Why can I not to readdress pointer within an outer function in C++?

Question

I have a simple code:

void function1(int* A);
void function2(int* A);

int main(int argc, char* argv[]) {

    int* A = new int[4];
    // Readdressed into function1: A[0] is preserved
    A[0] = 21;
    function1(A);
    cout << "\nA[0] is: " << A[0];
    // Result A[0] = 21

    // Is not readdressed into function2: A[0] is not preserved
    A[0] = 21;
    function2(A);
    cout << "\nA[0] is: " << A[0];
    // Result A[0] = 23

    return 0;
}

void function1(int* A) {
    A = new int[4];
    A[0] = 23;
}
void function2(int* A) {
    A[0] = 23;
}

Output:

In the case of function1 output A[0] is 21

In the case of function2 output A[0] is 23

Question: Why does A-pointer not get (In the first case) an address to a new allocated memory cells where A[0] is 23, and preserve an address where A[0] is 21 instead ?

Answer 1

Unless you pass a reference, parameters are passed by value. Pointers are no different.

void function1(int* A) {
    A = new int[4];
    A[0] = 23;
}
void function2(int* A) {
    A[0] = 23;
}

function1 assigns a new value to A. However, A is a local variable in function1. Assining 23 to the first element of that new array, does not affect the array A was originally pointing to.
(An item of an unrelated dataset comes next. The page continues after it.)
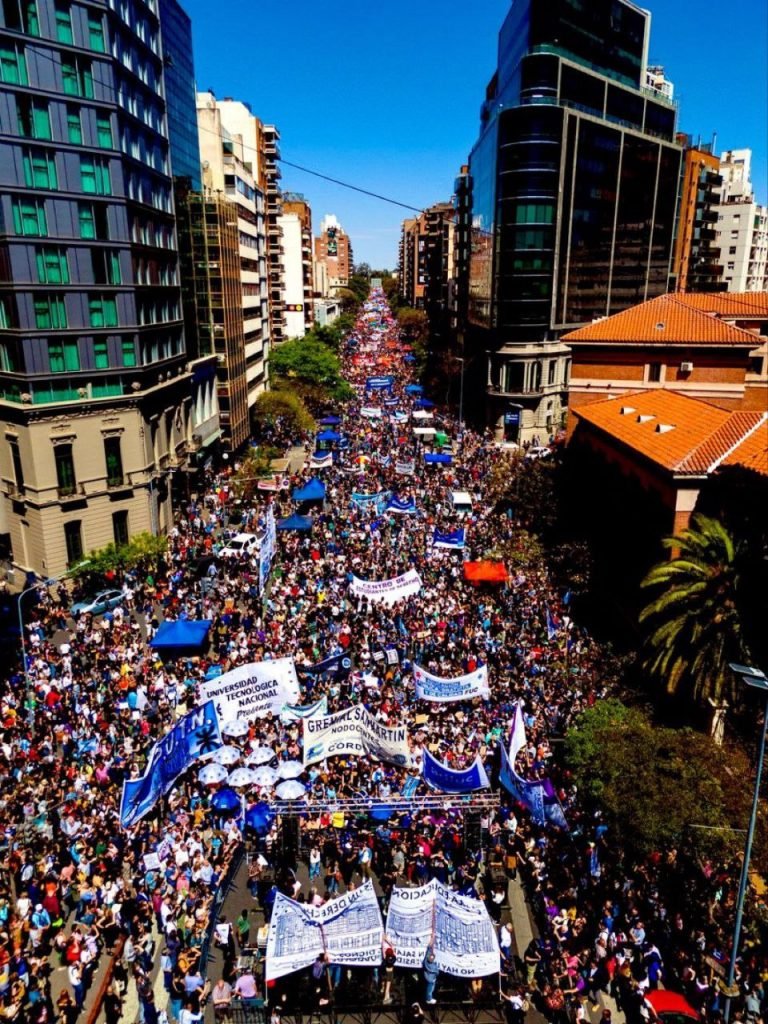 La imagen de la Capital Federal se repitió en todas las provincias. En algunas fue nuevamente impresionante, como en Mendoza, tierra que gobierna el radicalismo – pro, Usuhaia, entre otras, donde las y los estudiantes, docentes, no docentes y ciudadanía dijo sí al financiamiento educativo y no al veto que Milei quiere ejecutar contra la ley de financiamiento universitario.

function2 gets A passed by value as well. Though, it does not attempt to modify A. It just uses A to write 23 at the adress pointed to by A.

---

Consider this example which is similar to your function1:

#include <iostream>


int a,b = 0;

void function1(int* p) {
    p = &b;
    *p = 42;
}

int main() {
    std::cout << a << b << "\n";
    int* ptr = &a;
    function1(ptr);
    std::cout << a << b << *ptr << "\n";
}

Output is

00 
0420

because after calling function1 ptr in main still points to a. The p = &b; in function1 only affects p which is local to function1.